Enhanced lazy encoding in BuckleScript
Recently we made some significant improvements with our new encoding for lazy values and we find it so exciting that we want to highlight the changes. The new encoding generates very idiomatic JS output like hand-written ones.
What's the difference?
Take this code snippet for example:
let lazy1 = lazy {
"Hello, lazy" -> Js.log;
1
}; // create a lazy value
let lazy2 = lazy 3 ; // artifical lazy values for demo purpose
Js.log2 (lazy1, lazy2); // logging the lazy values
let (lazy la, lazy lb) = (lazy1, lazy2); // pattern match to force it evaluated
Js.log2 (la, lb); // logging forced values
Running this code in node, the output is as below:
lazy_demo$node src/lazy_demo.bs.js
[ [Function], tag: 246 ] 3 # logging the output of two lazy blocks
Hello, lazy
1 3
With the new encoding, the output is as below:
bucklescript$node jscomp/test/lazy_demo.js
{ RE_LAZY: 'todo', value: [Function: value] } # logging block one
{ RE_LAZY: 'done', value: 3 } # logging block two
Hello, lazy
1 3
As you can see, with the new encoding, no magic tags like 246 appear, and the lazy status is clearly marked via RE_LAZY: 'todo'
or RE_LAZY: 'done'
.
More than that, the generated code quality is also improved, in the old mode, the generated JS code is like this:
var lazy1 = Caml_obj.caml_lazy_make((function (param) {
console.log("Hello, lazy");
return 1;
}));
console.log(lazy1, 3);
var la = CamlinternalLazy.force(lazy1);
var lb = CamlinternalLazy.force(3);
console.log(la, lb);
var lazy2 = 3;
In the new mode, it is much simplified:
var lazy1 = {
RE_LAZY: "todo",
value: (function () { // internal function is using uncurried function for performance
console.log("Hello, lazy");
return 1;
})
};
var lazy2 = {
RE_LAZY: "done",
value: 3
};
console.log(lazy1, lazy2);
var la = CamlinternalLazy.force(lazy1);
var lb = CamlinternalLazy.force(lazy2);
console.log(la, lb);
What changes do we make?
In native, the encoding of lazy values is rather complicated:
- It is an array, which is not friendly for debugging in JS context.
- It has some special tags which is not meaningful, for example, magic number 246, in JS context.
- It tries to unbox lazy values with the help of native GC, however, such complexity does not pay off in JS since JSVM does not expose its GC semantics.
So in the master, our encoding scheme is much simplified to take advantage of JS as much as possible:
The encoding is uniform, it is always an object of two key value pairs, one is
RE_LAZY
to mark its status, the other is either a closure or an evaluated value.The compiler optimization still kicks in at compile time: if it knows such lazy value is already evaluated or does not need to be evaluated, it will promote its status to be 'done'. However, unboxing is not happening unlike native.
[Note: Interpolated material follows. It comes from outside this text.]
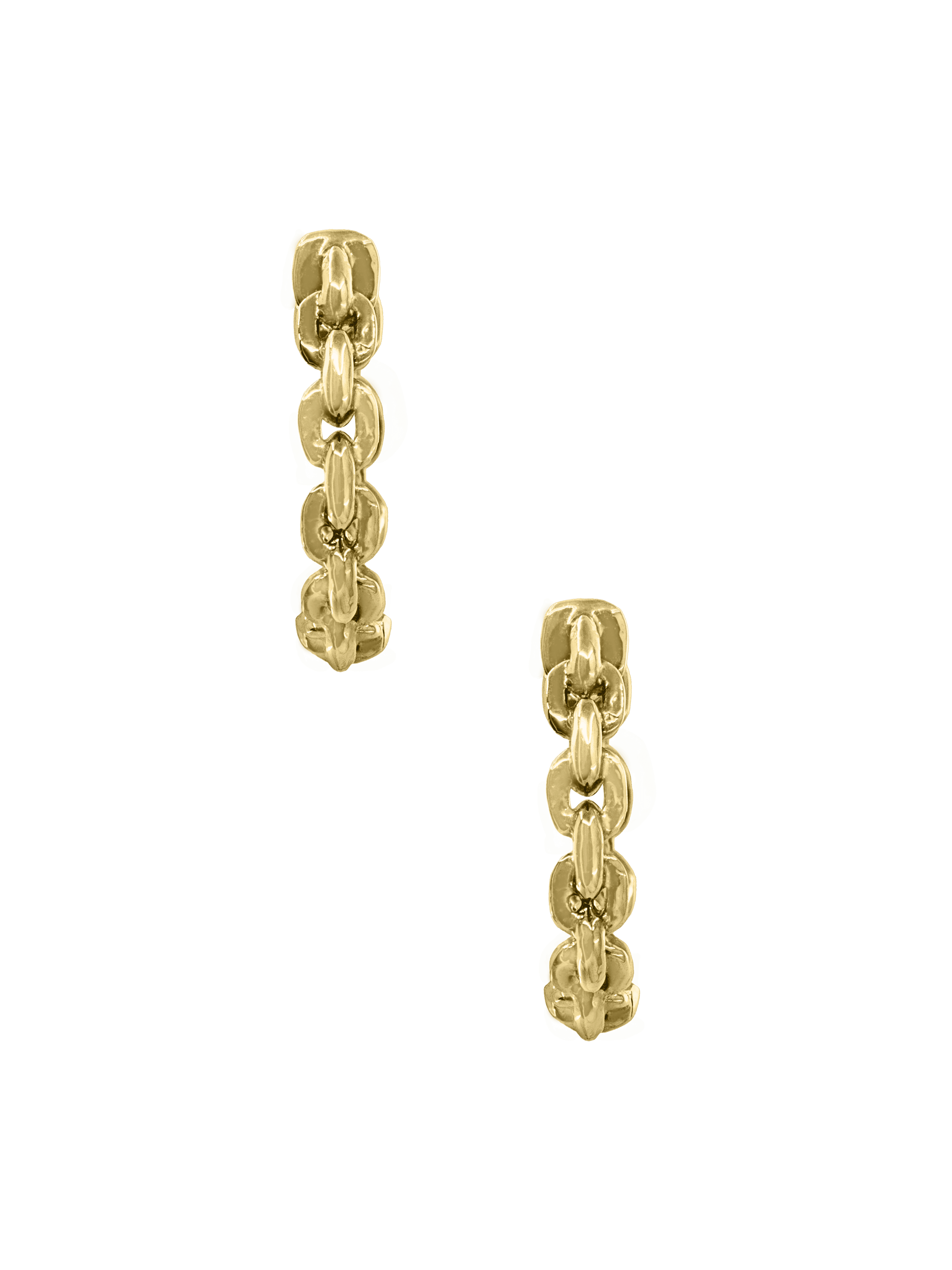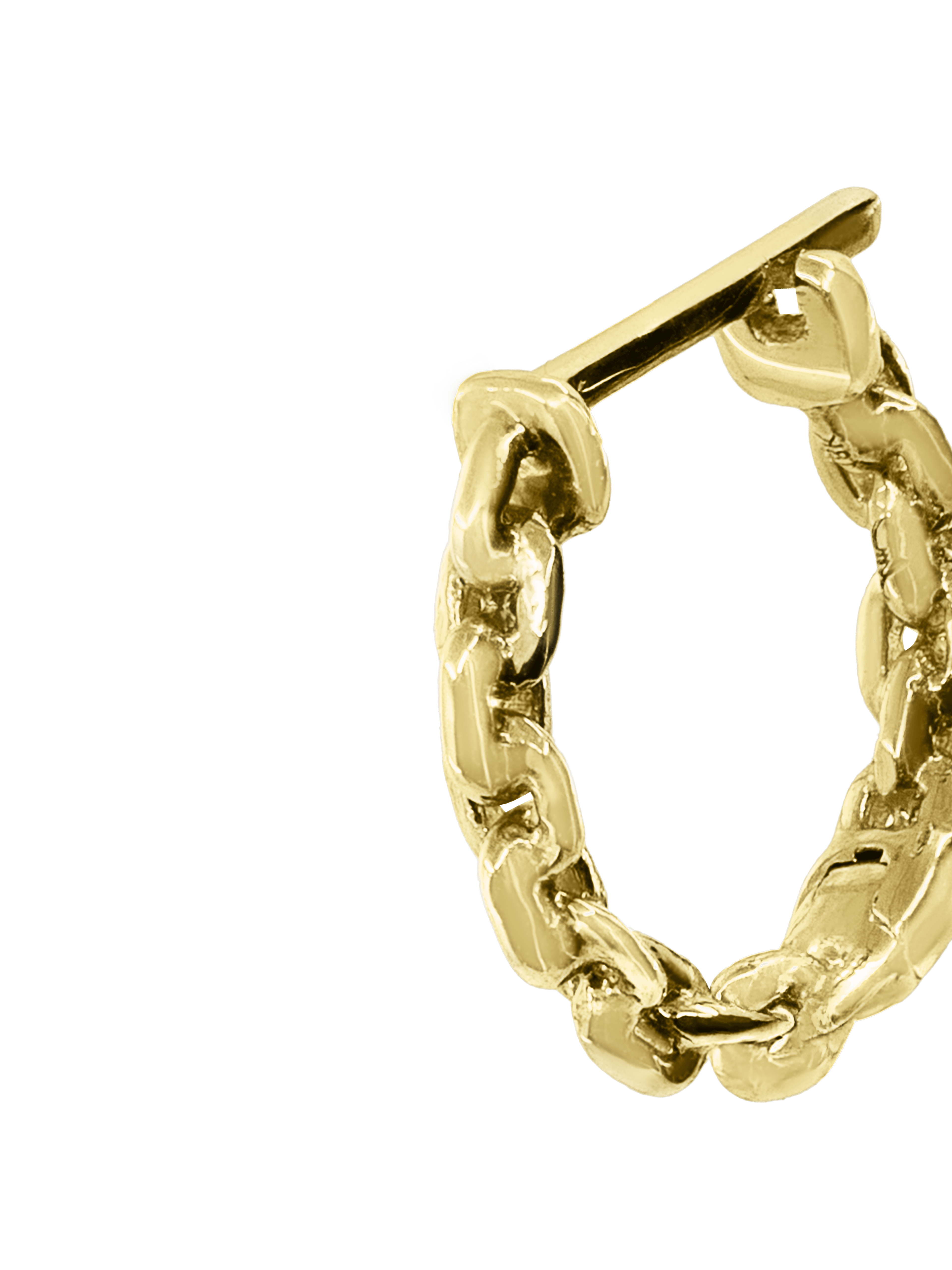 〝The Knife Edge Chain huggie takes Lizzie Mandler's signature motif to the ears, providing a fresh take on a jewelry box staple, with added character and style.〞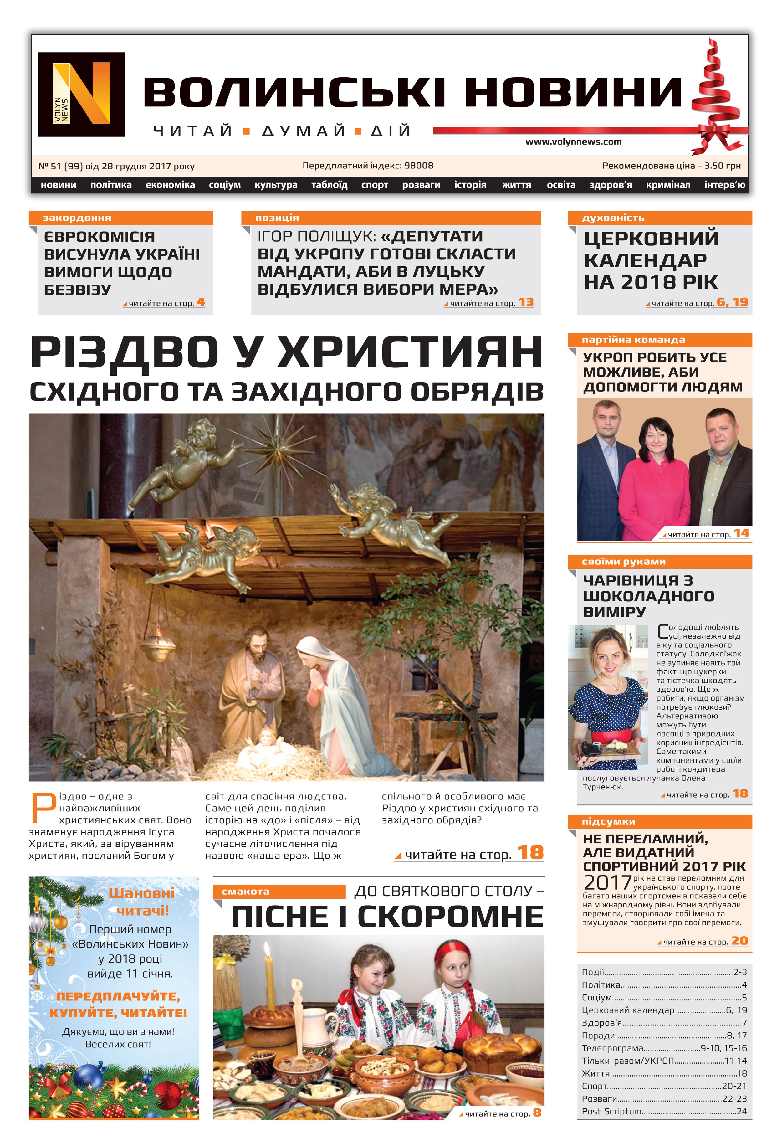 ВОЛИНСЬКІ НОВИНИ №51 (99) ВІД 28.12.2017

This makes sense since the most interesting unboxing scenarios happens in runtime instead of compile time where it is impossible in JSVM.
With the new encoding, the lazy is a much nicer sugar and we encourage you to use it whenever it is convenient!
Caveats:
Don't rely on the special name RE_LAZY
for JS interop, we may change it to a symbol in the future.